[AIM OF THE EXERCISE] Would you transcribe each entry exactly as it stands, omitting the pictures?

[MATERIAL PROVIDED]

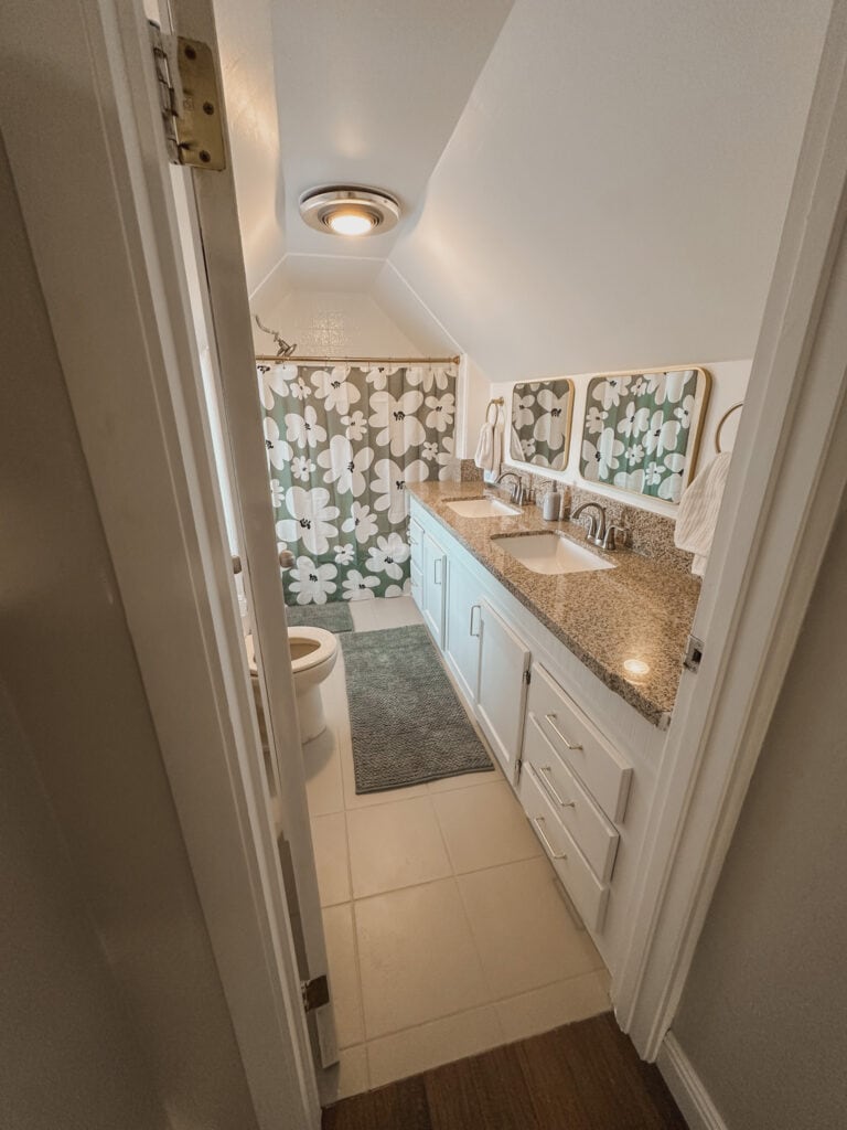 Back to the bathroom! While we are very glad that some previous owners of the home added a functioning bathroom upstairs, it was unfortunately very poorly designed and haphazardly done. Because it is an attic bathroom, the ceiling is only about 6’4″ and there is a significant slant of the ceiling on both sides. This leaves a very small space for mirrors to be hung. You can really only see yourself in the mirror if you are under 5 feet tall.
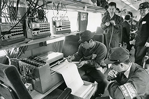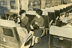 1981年2月の特急「とき」車内の風景である。車内販売を担当する女性は2人体制。ワゴン上段の雑誌の表紙を見ると、「平凡パンチ」「週刊新潮」「女性セブン」などのタイトルが並ぶ。下段にはミカンらしきもの、缶ジュースがのぞいている。翌年には上越新幹線の開業が控えていた。「とき」で上野まで4時間以上かかっていた旅は、新幹線によって大宮まで2時間弱に短縮されることになる。のんびりと車内販売のワゴンで品選びする旅が、ちょっと懐かしい。
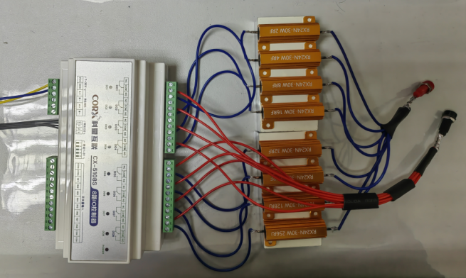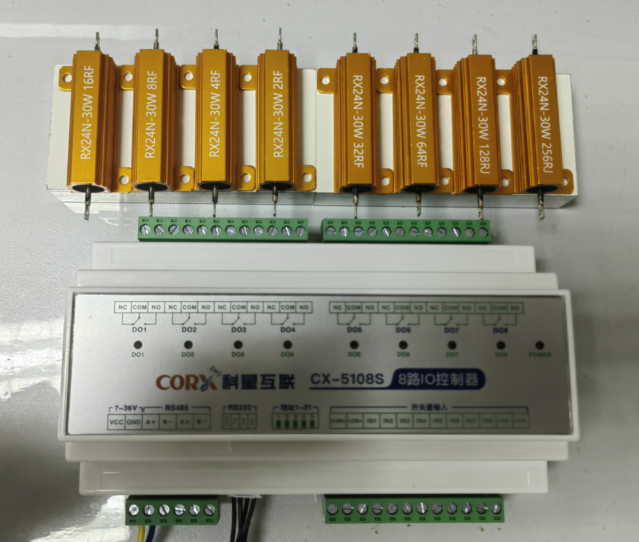 在阻值与 RTU 继电器模块的分配策略上,采用的设计是:继电器的 IO 号与上述电阻梯度分配公式 2^n 中的 n 相等,即 IO1 对应的阻值为 n=1,也就是 2Ω,其余依次类推。此外,所有电阻的另一端均统一连接至继电器的公共端。通过这样的连接方式,既能实现单路选定固定阻值电阻,又能通过多路并联实现阻值的插补。虽然在当前项目中并不需要这种插补功能,但考虑到未来在其他方面的潜在应用需求,此处将其作为冗余设计予以保留。
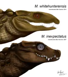 However, the differences in shape are more noticeable. The oldest species, M. whitehunterensis, was described as having smooth maxillary teeth that would display flattened sides towards the back of the jaw, making them blade-like.[4] A similar condition can be observed in the younger mainland species, M. sanderi, in which the teeth become laterally compressed following the 5th tooth of the maxilla.[5][6] The Holocene species meanwhile lack these blade-like teeth. Although only the tooth sockets are known from M. kalpokasi, these suggest that the teeth were circular to ovate in cross section, with no signs of the lateral compression seen in older forms. The teeth of M. inexpectatus are better known, but likewise fail to display the same condition as seen in the continental species. Rather than being blade-like, the posterior teeth of M. inexpectatus were bulbous molariforms, better suited for crushing than for slicing.[1] Similar tribodont teeth are seen in many unrelated types of eusuchians, including Allognathosuchus, Bernissartia and modern dwarf crocodiles.[2][6][7]
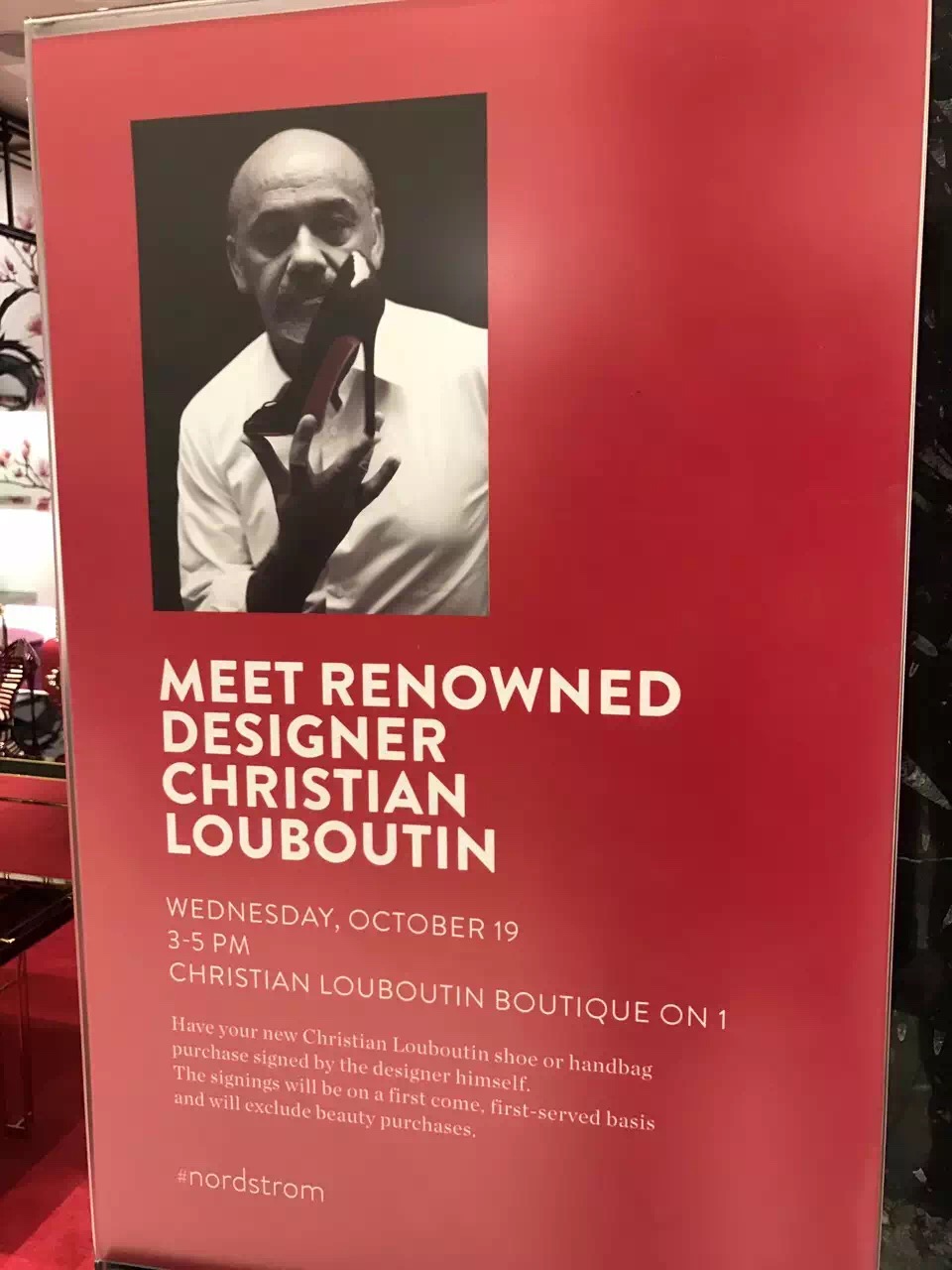 这位大师级的设计师第一次出现在温哥华就亲自驾临Nordstrom,在这里购买了CL的新鞋子和新包包可以找设计师本人签名哦!当然,签名是先到先得的,美妆产品不包括在内。现场还有香槟和马卡龙供大家享用!
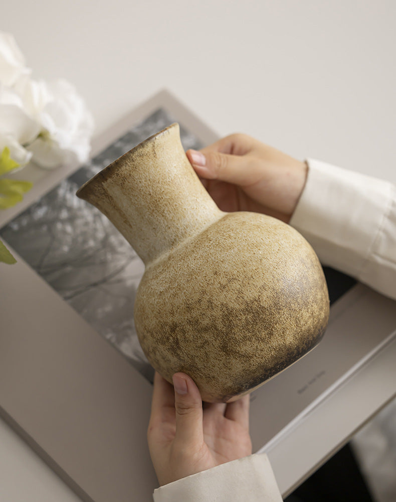The design features a rounded body with a gently flared neck, creating a harmonious silhouette that enhances both fresh and dried floral arrangements. Its rustic glaze, achieved through a traditional kiln-changing technique, gives every vase its own distinct characterβmaking it not just a vessel, but a piece of art.
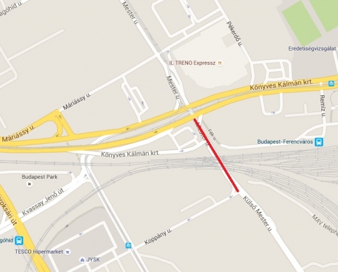 Külső Mester utca a Koppány utca és a Könyves Kálmán körút között.
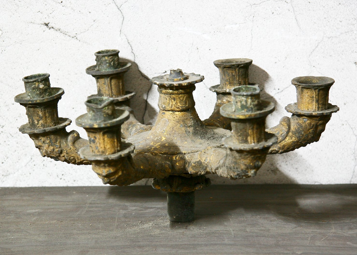 Lampadario in ferro ottonato a sette fuochi
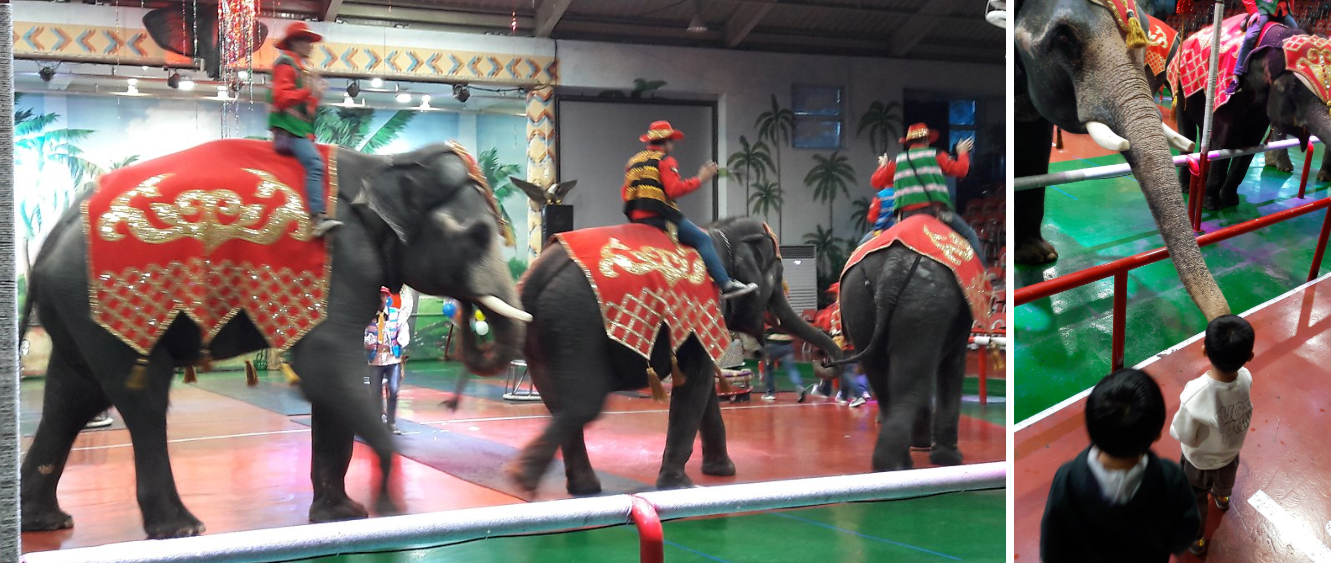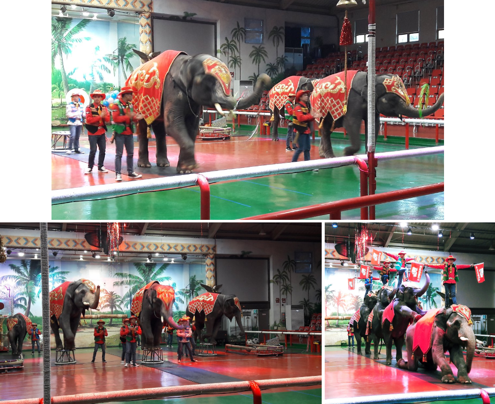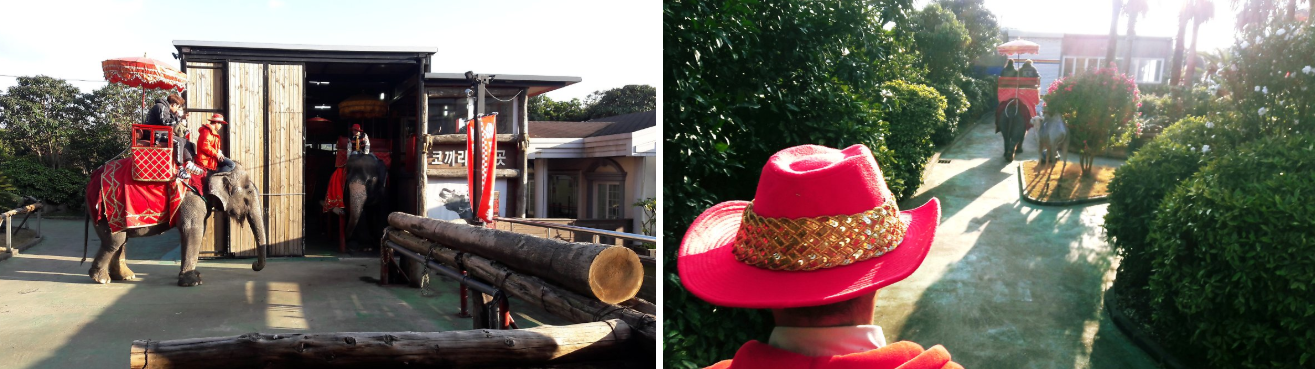 코끼리에게 먹이를 주는 체험 시간과 다양한 공연의 일부에 참여해 코끼리를 바로 옆에서 볼 수도 있고요.
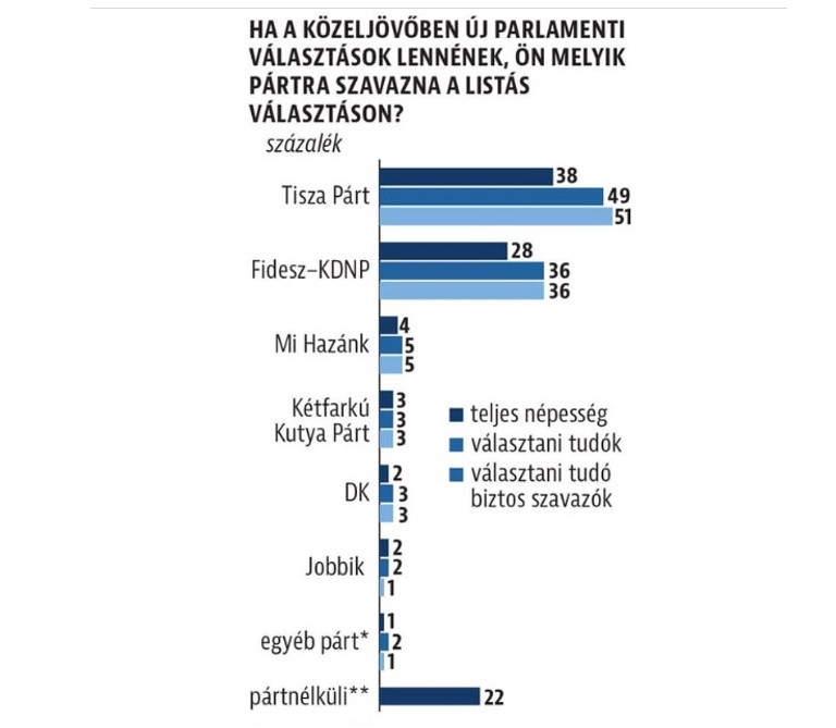 Бо ще у березні цього року (тобто до плебісциту) розрив між його партією «Фідес» та партією «Тиса» Петера Мадяра становив дев'ять відсотків. Нині ж він сягає 15% на користь «Тиси». Серед виборців, які визначилися, за опозиційну політсилу готові проголосувати 51%, за провладну – 36%. Таким є дані свіжого опитування, проведеного на замовлення згадуваного вище видання HVG.
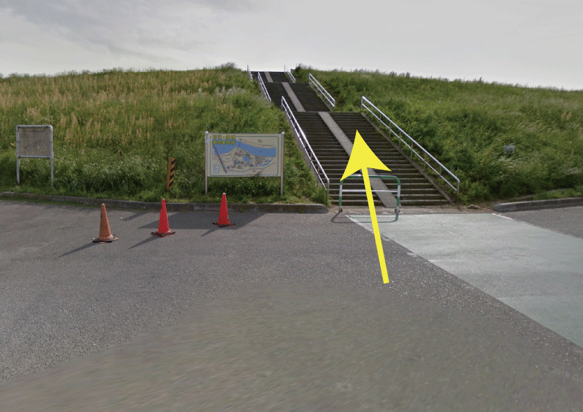 階段を下りると道満グリーンパーク駐車場ゲートがあります。園内の歩道を道なりにまっすぐ進みください。

[RESPONSE FOR THIS EXERCISE]
 Back to the bathroom! While we are very glad that some previous owners of the home added a functioning bathroom upstairs, it was unfortunately very poorly designed and haphazardly done. Because it is an attic bathroom, the ceiling is only about 6’4″ and there is a significant slant of the ceiling on both sides. This leaves a very small space for mirrors to be hung. You can really only see yourself in the mirror if you are under 5 feet tall.
 1981年2月の特急「とき」車内の風景である。車内販売を担当する女性は2人体制。ワゴン上段の雑誌の表紙を見ると、「平凡パンチ」「週刊新潮」「女性セブン」などのタイトルが並ぶ。下段にはミカンらしきもの、缶ジュースがのぞいている。翌年には上越新幹線の開業が控えていた。「とき」で上野まで4時間以上かかっていた旅は、新幹線によって大宮まで2時間弱に短縮されることになる。のんびりと車内販売のワゴンで品選びする旅が、ちょっと懐かしい。
 在阻值与 RTU 继电器模块的分配策略上,采用的设计是:继电器的 IO 号与上述电阻梯度分配公式 2^n 中的 n 相等,即 IO1 对应的阻值为 n=1,也就是 2Ω,其余依次类推。此外,所有电阻的另一端均统一连接至继电器的公共端。通过这样的连接方式,既能实现单路选定固定阻值电阻,又能通过多路并联实现阻值的插补。虽然在当前项目中并不需要这种插补功能,但考虑到未来在其他方面的潜在应用需求,此处将其作为冗余设计予以保留。
 However, the differences in shape are more noticeable. The oldest species, M. whitehunterensis, was described as having smooth maxillary teeth that would display flattened sides towards the back of the jaw, making them blade-like.[4] A similar condition can be observed in the younger mainland species, M. sanderi, in which the teeth become laterally compressed following the 5th tooth of the maxilla.[5][6] The Holocene species meanwhile lack these blade-like teeth. Although only the tooth sockets are known from M. kalpokasi, these suggest that the teeth were circular to ovate in cross section, with no signs of the lateral compression seen in older forms. The teeth of M. inexpectatus are better known, but likewise fail to display the same condition as seen in the continental species. Rather than being blade-like, the posterior teeth of M. inexpectatus were bulbous molariforms, better suited for crushing than for slicing.[1] Similar tribodont teeth are seen in many unrelated types of eusuchians, including Allognathosuchus, Bernissartia and modern dwarf crocodiles.[2][6][7]
 这位大师级的设计师第一次出现在温哥华就亲自驾临Nordstrom,在这里购买了CL的新鞋子和新包包可以找设计师本人签名哦!当然,签名是先到先得的,美妆产品不包括在内。现场还有香槟和马卡龙供大家享用!
The design features a rounded body with a gently flared neck, creating a harmonious silhouette that enhances both fresh and dried floral arrangements. Its rustic glaze, achieved through a traditional kiln-changing technique, gives every vase its own distinct characterβmaking it not just a vessel, but a piece of art.
 Külső Mester utca a Koppány utca és a Könyves Kálmán körút között.
 Lampadario in ferro ottonato a sette fuochi
 코끼리에게 먹이를 주는 체험 시간과 다양한 공연의 일부에 참여해 코끼리를 바로 옆에서 볼 수도 있고요.
 Бо ще у березні цього року (тобто до плебісциту) розрив між його партією «Фідес» та партією «Тиса» Петера Мадяра становив дев'ять відсотків. Нині ж він сягає 15% на користь «Тиси». Серед виборців, які визначилися, за опозиційну політсилу готові проголосувати 51%, за провладну – 36%. Таким є дані свіжого опитування, проведеного на замовлення згадуваного вище видання HVG.
 階段を下りると道満グリーンパーク駐車場ゲートがあります。園内の歩道を道なりにまっすぐ進みください。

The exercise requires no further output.